How to create an iterator that produces items wher

2019-07-09 20:17发布

问题:

I have created a script that uses the following code to iterate over all combinations of characters in the sCharacters string:

sCharacters = "abcdefghijklmnopqrstuvwxyz0123456789"
iKeyLength = len(sCharacters)

for sCharacterCombination in itertools.product(sCharacters, repeat=iKeyLength):
    # Do Stuff Here

However I am only interested in combinations where no single character is represented more than n number of times in the sCharacterCombination. Eg; I want to filter out strings like aaaaaaaaaaaaaaaaaaaaaaaaaaaaaaaa aaaaaaaaaaaaaaaaaaaaaaaaaaaaaaab and only get ones like 7efad3ca411bf57f1df57c0b4e9282aa

I tried just checking each sCharacterCombination, but this is no good as I still have to iterate over a mountain of items I will never use.
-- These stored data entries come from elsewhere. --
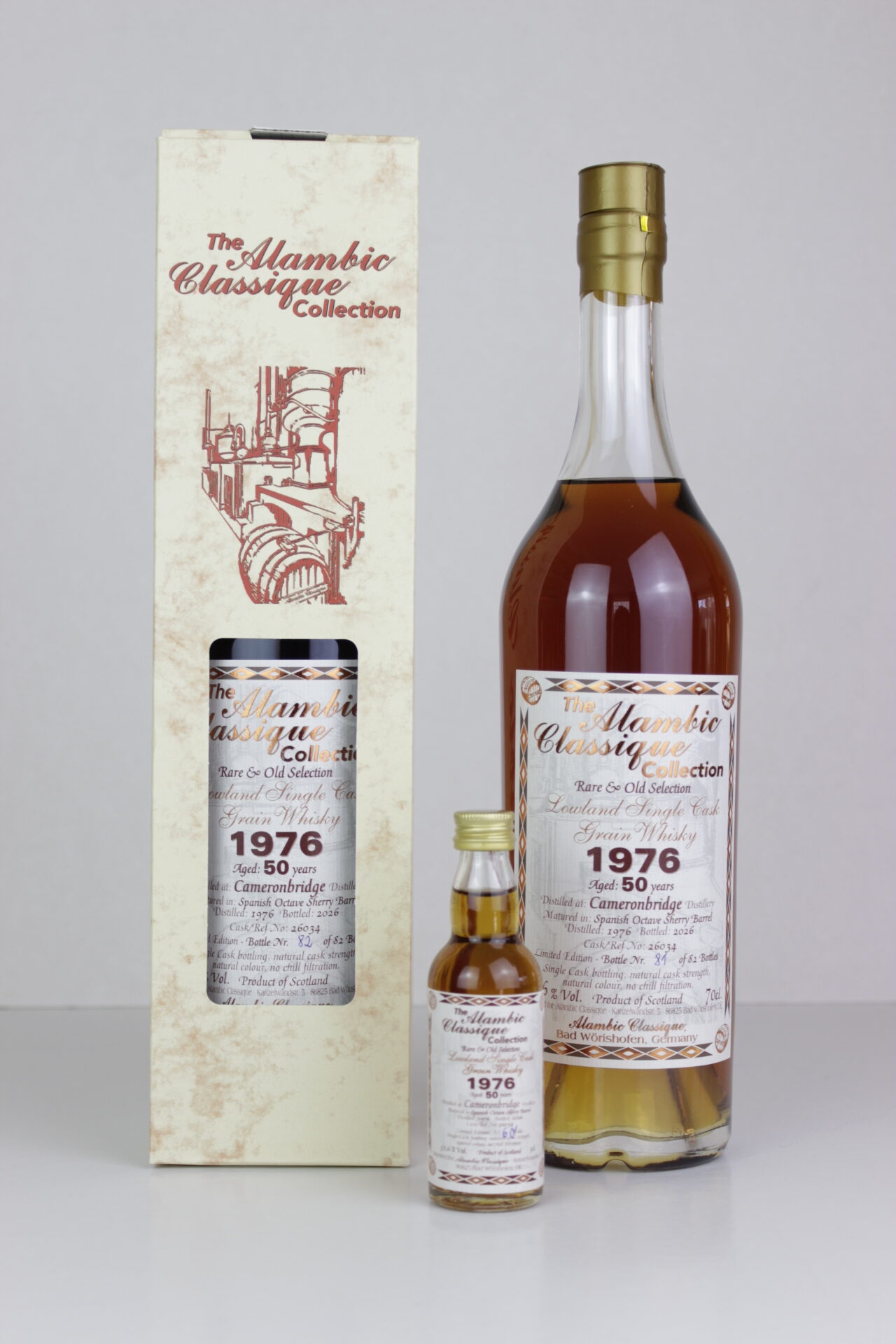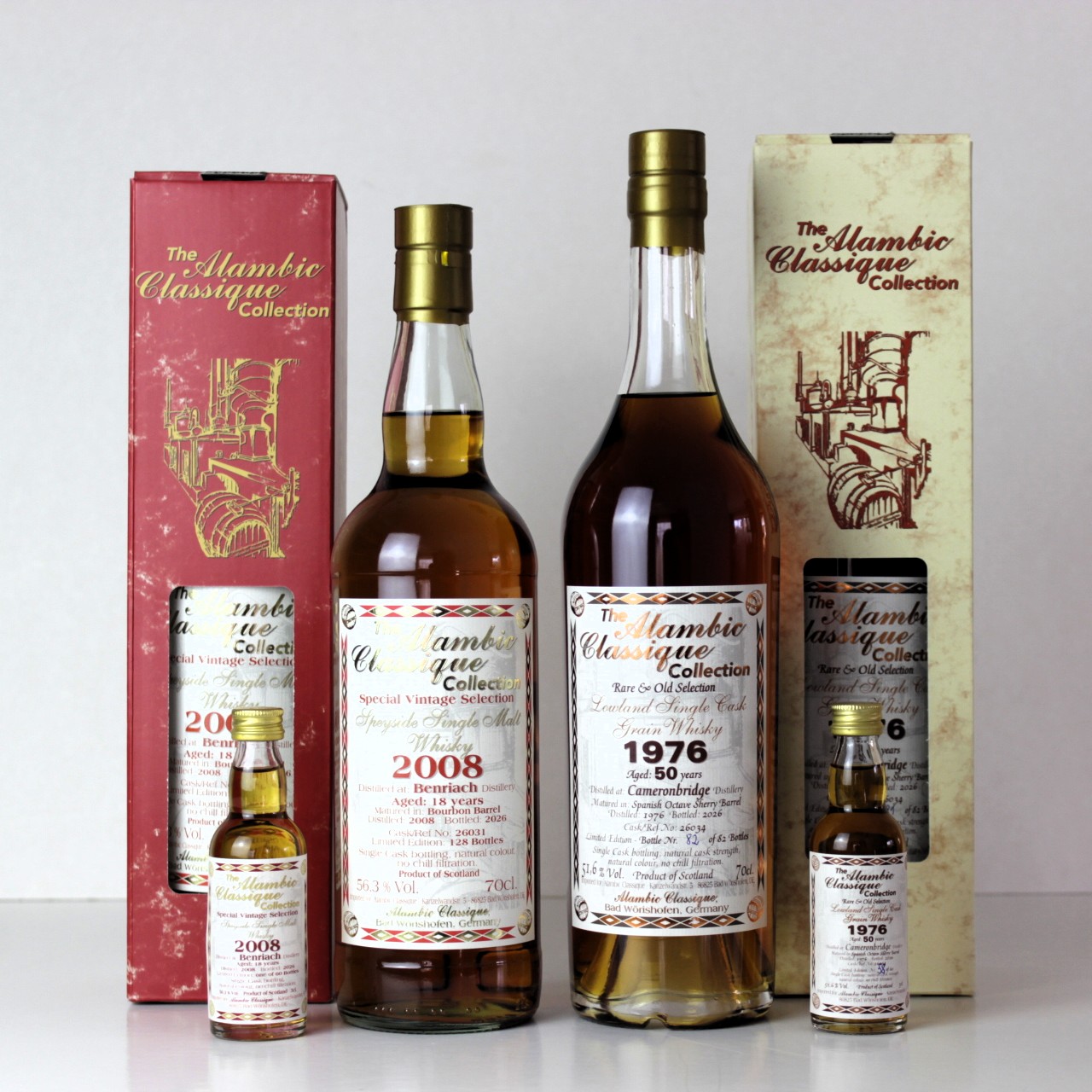 Zwei neue interessante Bottlings, ein Benriach von 2008 mit 18 Jahren und ein Cameronbridge von 1976 mit 50 Jahren werden angeboten. Auch erhältlich dazu sind auf jeweils 60 Stück limitierte Miniaturen, die der unabhängige Abfüller Alambic Classique neben zahlreichen seiner anderen Abfüllungen und Raritäten zur Messe nach Limburg mitbringt. Die Whiskyfair findet am kommenden Wochenende 25/26 April 2026 statt.
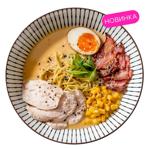 Сырный бульон, пшеничная лапша, жареный бекон, маринованное яйцо, кукуруза, зеленый лук, кунжут
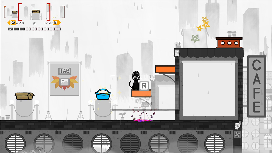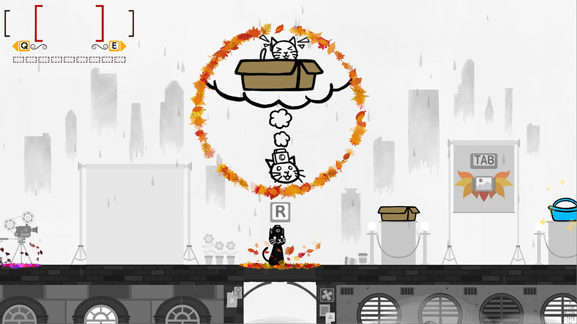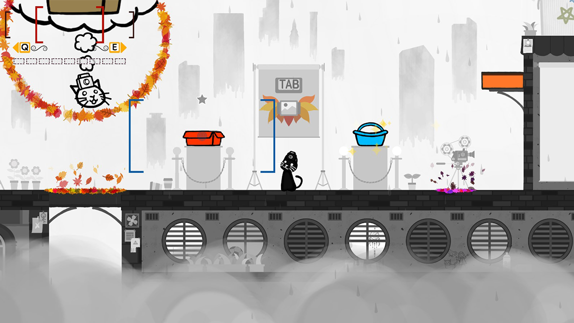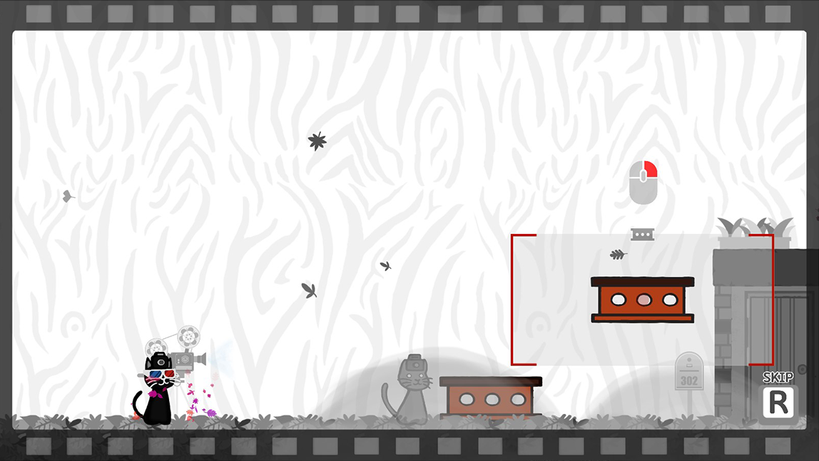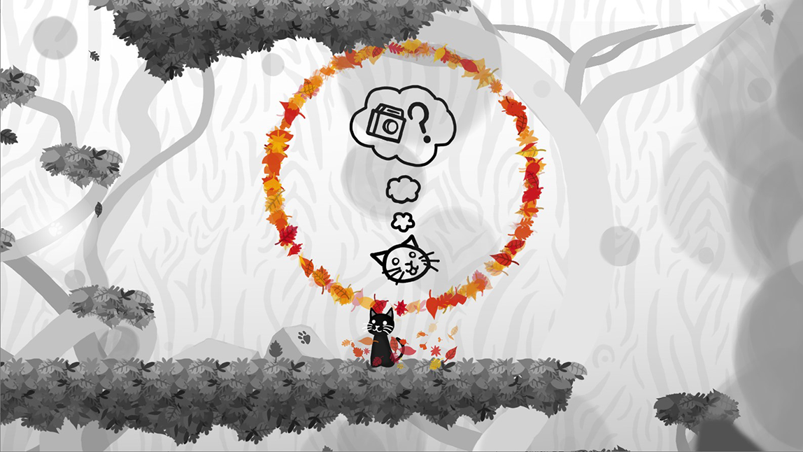Using the camera on the cat's head, players can take photos of various objects in the game.
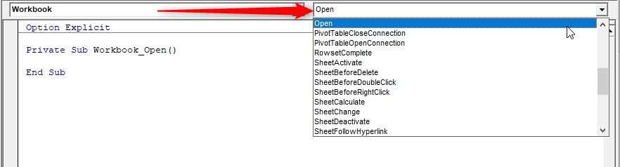 Cela étant fait, nous choisissons l’option Workbook depuis le premier menu déroulant situé au-dessus de la feuille de code :

How can I get the iterator to create the list based on each item having no single character represented more than n number of times in the first place, so I don't have to iterate over items I will not use?

It would be awesome if I could say:

  • Max number of times a single character could be represented in the sCharacterCombination.
  • Max times a single character could be represented in a row.

That would allow me to say a single character could appear in the sCharacterCombination a max of four times, but it could not be in a row more than twice. E.g. This is ok 1121... but this is not 1112....

Thank you for your time.

回答1:

Here's some code that's more efficient than your current approach.

First, we use itertool's combinations_with_replacement function to create combinations of the desired length, filtering out combinations that have more than the desired number of repetitions. Then we permute each combination; the permutation algorithm I use (created by the 14th century Indian mathematician Narayana Pandita) handles repetitions properly, unlike the one in itertools. Then we use itertool's groupby to filter out permutations that contain runs of identical characters that are greater than the permitted run length.

I've included two functions: permutations_with_limited_repetition limits the length of runs of identical characters; permutations_with_repetition does not.

Note that the input sequence must be sorted from low to high or this algorithm will not function correctly.

from itertools import combinations_with_replacement, groupby

def lexico_permute(a):
    a = list(a)
    yield a
    n = len(a) - 1
    while True:
        for j in range(n-1, -1, -1):
            if a[j] < a[j + 1]:
                break
        else:
            return

        v = a[j]
        for k in range(n, j, -1):
            if v < a[k]:
                break

        a[j], a[k] = a[k], a[j]
        a[j+1:] = a[j+1:][::-1]
        yield a

def permutations_with_repetition(seq, length, maxrepeat): 
    for combo in combinations_with_replacement(seq, length):
        if any(combo.count(c) > maxrepeat for c in combo):
            continue
        yield from lexico_permute(combo)

def permutations_with_limited_repetition(seq, length, maxrepeat, maxrun): 
    for combo in combinations_with_replacement(seq, length):
        if any(combo.count(c) > maxrepeat for c in combo):
            continue
        for perm in lexico_permute(combo):
            if any(len(list(g)) > maxrun for _, g in groupby(perm)):
                continue
            yield perm

# Test

src = list('abcde')
for lst in permutations_with_limited_repetition(src, 3, 2, 1):
    print(''.join(lst))

output

aba
aca
ada
aea
bab
abc
acb
bac
bca
cab
cba
abd
adb
bad
bda
dab
dba
abe
aeb
bae
bea
eab
eba
cac
acd
adc
cad
cda
dac
dca
ace
aec
cae
cea
eac
eca
dad
ade
aed
dae
dea
ead
eda
eae
bcb
bdb
beb
cbc
bcd
bdc
cbd
cdb
dbc
dcb
bce
bec
cbe
ceb
ebc
ecb
dbd
bde
bed
dbe
deb
ebd
edb
ebe
cdc
cec
dcd
cde
ced
dce
dec
ecd
edc
ece
ded
ede

For a commented (non-generator) version of the permutation algorithm, please see this answer I wrote last year.


Update

The first filter

if any(combo.count(c) > maxrepeat for c in combo):

can be made more efficient by using the same groupby technique as the second filter:

if any(len(list(g)) > maxrepeat for _, g in groupby(combo)):

(I should have thought of that yesterday, but I was originally not going to do that second filter, it was a last-minute inspiration).